The chairmen of Italy’s two biggest banks played down risks that a landslide victory by a right-wing coalition will spark market turmoil.
(Bloomberg) — The chairmen of Italy’s two biggest banks played down risks that a landslide victory by a right-wing coalition will spark market turmoil.
“It seems to me that a sense of responsibility from political parties of both sides is spreading, and therefore whoever wins will take into account the fragility of public finances in addressing Italy’s resources,” Pier Carlo Padoan, chairman of UniCredit SpA, said in an interview late Friday at the Ambrosetti Forum in Cernobbio, Italy.
His Intesa Sanpaolo SpA counterpart, Gian Maria Gros-Pietro, told Bloomberg News that election concerns need to be “downplayed,” adding that the bank will ask whoever is elected to implement the European Union’s recovery plan. Both executives ruled out that the outcome of the vote may add pressure on Italian lenders, which are already facing a fraught economic environment and geopolitical instability.
Italy is holding elections on Sept. 25 after the collapse of Mario Draghi’s ruling alliance. A right-wing coalition — led by Giorgia Meloni’s Brothers of Italy and including Matteo Salvini’s League party and former premier Silvio Berlusconi’s Forza Italia — is leading in the polls. Some analysts have warned that campaign promises of deficit spending and nationalist policies might unsettle markets.

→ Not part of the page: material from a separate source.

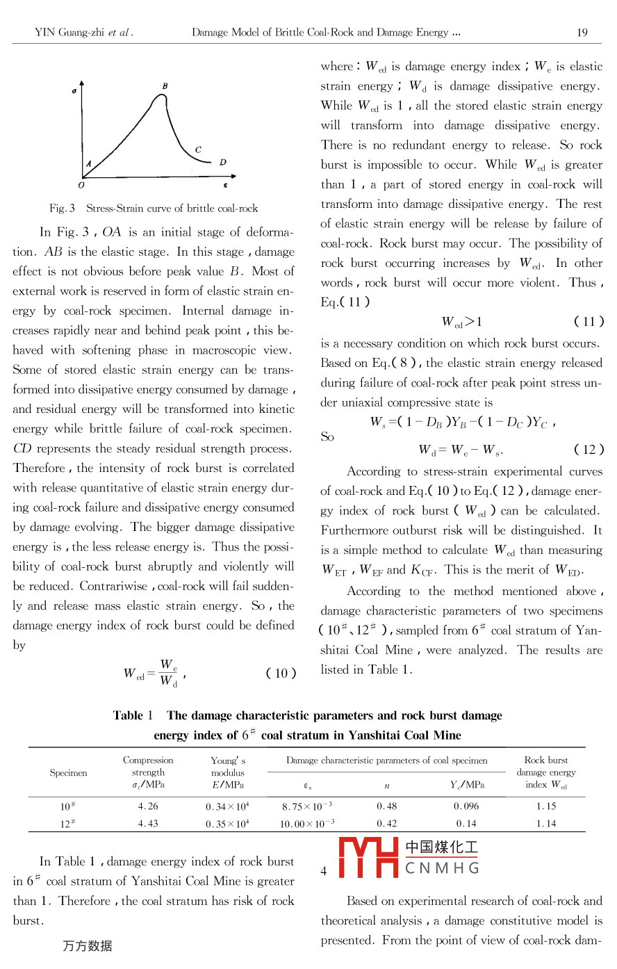 Jun.2003Journal of China University of Mining TechnologyVol 13 NoDamage Model of Brittle Coal-Rock andDamage Energy Index of rock burstYIN Guang-zh(尹光志y2, ZHANG Dong-ming張東明y2WEⅠ Zuo-an(魏作安y2,LIDg-e(李東偉y2(1. Key Lab. for the Exploitation of Southwest Resources and the EnvironmenDisaster Control Engineering, Ministry of Education Chongqing University Chongqing 400044, China2. College of Resource and Environmental Sciences Chongqing University Chongqing 400044, ChinaAbstract: Based on the mechanical experiment of brittle coal-rock and the damage mechanical theory a damage modelas established. Coal-Rock damage mechanical characteristic was researched. Furthermore interior energy transformation mechanism of rock was analyzed from the point of view of damage mechanics and damage energy release rate ofbrittle coal rock was derived. By analyzing the energy transformation of rock burst a new conception damage energyndex of rock burst was put forward. The condition of rock burst was also establishedKey words: coal-rock damage damage energy index rock burstCLC number: TD32 Document code: A Article ID: 1006-1266 2003 X1-0016-0ck from yanshitai coal mine, cho1 IntroductionThen, damage energy index of rock burst and its ocCoal-Rock is a kind of brittle material with o-curring condition are put forwardriginal damage. Its macrofracture failure is a result 2 Damage Constitutive Equation of Brittle Coalof nucleation development and coalescence of interiRockor microcracks. This could be viewed as evolvement, cumulation of damage. Since dougilf 1] apThere are lots of cracks in coal-rock. Under apto rock and concrete materials, Dragorf 2 and other scholars have researched on plied load cracks generate, propagate and interactcontinuous damage of rock and concrete according to with each other to give rise to a degradation of intethe principle and method of damage mechanics andrior characteristics. These phenomena lead to a corablished a correspondingmodel. In China, there are some scholars who have responding macroscopic mechanical responsedone some works to rock damage mechanics. Dong- Macroscopic fracture phenomena of coal-rock are as-cong 3 ]and Xia Mengferf4 5] led damage mechanicssociated with evolvement of microstructures and mito metal materials. Lingjianming 6] and KrajcioviC 7researched on damage mechanics characteristics andcro flawsconstitutive equations of rocklike materials and gotIn 1980, while researching on cracksome useful achievement. Damage constitutive equa- tion and its regularities of distribution about shaletion is established in this paper according to the exund中國煤化 Ty and Kipp3 presentedperimental result of uniaxial compressive test of coal- theHCNMH Ger unit volume in rockReceived date 2002-09-2Foundation item: Doctoral fund of ministry of education, China( 2000061115) the teaching and research award program for outstandingoung teachers in higher education institutions of MOe, P. R C., TRAPOYT)Biography: YIN Guang-zh( 1962-), male from Xichang Prowince, professor Ph. D, doctorial tutor engaged in the reseachon on rock me- and mining engineeringYIN Guang-zhi et alDamage Model of Brittle Coal-Rock and Damage Energyand strain met a relation as followsial compressive test, the constitutirelation parameters Es and n are determined and calhere:N is the cracks per unit volume; eI is culatedstrain k and m are constants of materialig. I and Fig. 2 show typical stress-strain exIt was supposed that damage variable under u- perimental curve under uniaxial load and theoreticalbiaxial compression load isdamage constitutive model curve separately of coal(1) rock specimens 10"and 12 from coal stratum 6"inwhere n is a constant of material: e is axial com- Yanshitai Coal Mine. From Fig. 1 and Fig. 2, theEq (5) could defeati v ccording to conception of effective stress, ef- scribe preferably stress-strain curve of brittle coalck undeaxialBased on equivalence strain principle that pre-sented by Lemaitre, the stain caused by stress ondamaged material is equivalent to strain caused by0255075100125effective stress on undamaged material. That isFig. 1 Brittle coal-rock damage constitutiveD(2)lel and experimental curves( 10 specimencurvewhere: o is stress; E is Youngs modulus'E=EExperimen(1-D) is youngs modulus of damaged material named as effective young s modulusEg.(2)could be expressed byF(1-D025507.5100125Eg. (3)represents the damage constitutive relationof damaged materialFig 2 Brittle coal-rock damage constitutiveWhile substituted D in Eq (3 )with Eq ( 1)model and experimental curves( 12"specimendamage constitutive relation of rock under uniaxial 3 Damage Energy Release Rate of Brittle Coalcompressive load may be expressed byRock and Damage Energy Index of Rock burstg=E(1-me")For damaged material, its elastic strain energyifand elastic residual energy arew(D)=le:E(D):s,(6)thenandThus the damage variable could be showed byoVoD)=Jo:E-(D)Damage energy release rate isAccording to Eg. (3)and Eq cconstitutive equation of rock under uniaxial stress is Y PaDpaD 2ee: dE(D).edye 1dD中國煤化工 and strain equivalenceEvolution equation of damage variable isprCN MH Grial it is known thatσ=(Ⅰ-D)1:a=MD):a,E: M(D)E(D)where Es and n are material parameters of rockFo數(shù)據(jù)(5) and experimental results of E(D)=E:MD)Journal of China University of Mining TechnologyVol 13 No. 1E(D=M(D):Ematerial has been destroyed while D<1. If damageand M(D=E:E(D)damage energy release rate is ywhere: E(D ) is effective stress tensor M(D ) is e2(1-D2)(9)ual to( I-D)After mathematical manipulation damage enBy Eg (9), failure of coal-rock not only isergy release rate is deducedcaused by state of stress but also depend on evolve-1+yment and accumulation of damage2E(1-D)2F(1-D)In uniaxial compressive experimentsotropic damage energy release rate could bededuced too according to eq (6), that is&e: FweS1=1.(8)If axial strain is e when coal-rock fail, d. andwhere we is elastic strain energy densit

“The adverse scenario for markets could be if the right-wing coalition gets more than two thirds of the votes as this would allow for a high degree of freedom, including changes to the constitution,” analysts at UniCredit said in a note Sept. 2. Still, they highlighted volatility spikes in the run-up to elections have significantly diminished as the right-wing coalition has pledged to stick with European guidelines.
Meloni, who may become Italy’s first woman premier, has vowed to maintain the course set by Draghi on support for Ukraine and fiscal discipline. In an attempt to shore up her credibility on public finances, she even pushed back against Salvini’s call for more deficit spending to stimulate the economy.
Italian banks are considered vulnerable to market tensions and rising government bond yields because of their exposure to the country’s debt.
“Given the uncertainties generated by the September elections, and the perception of an economy more exposed to external shocks, we believe that Italian banks will struggle to outperform EU peers in the near future,” Giovanni Razzoli, an analyst at Deutsche Bank AG, said.
What Bloomberg Analysts Say…
“Intesa and UniCredit’s five-year senior CDS spreads may keep tracking Italy sovereign CDS wider, given the many risks ahead… Spreads may go wider still — political risk In Italy is growing, the country’s Russian gas dependency is high and ECB bond buying has ended.”
–Jeroen Julius and Huw Worthington. For the full report, click here
The FTSE Italia All-Share Banks Index is down 23% this year, underperforming the Stoxx 600 Banks Index, which has dropped 13%. The extra yield investors demand to hold Italian 10-year notes over German debt is 31 basis points higher since July 19 — the day before Draghi announced his resignation.
The appointment of market-friendly, “highly-regarded” ministers, as previously indicated by Meloni, will change the risk perception for Italy, according to Francesco Castelli, head of fixed income at Banor Capital. “The Treasury is likely to continue his current policies.”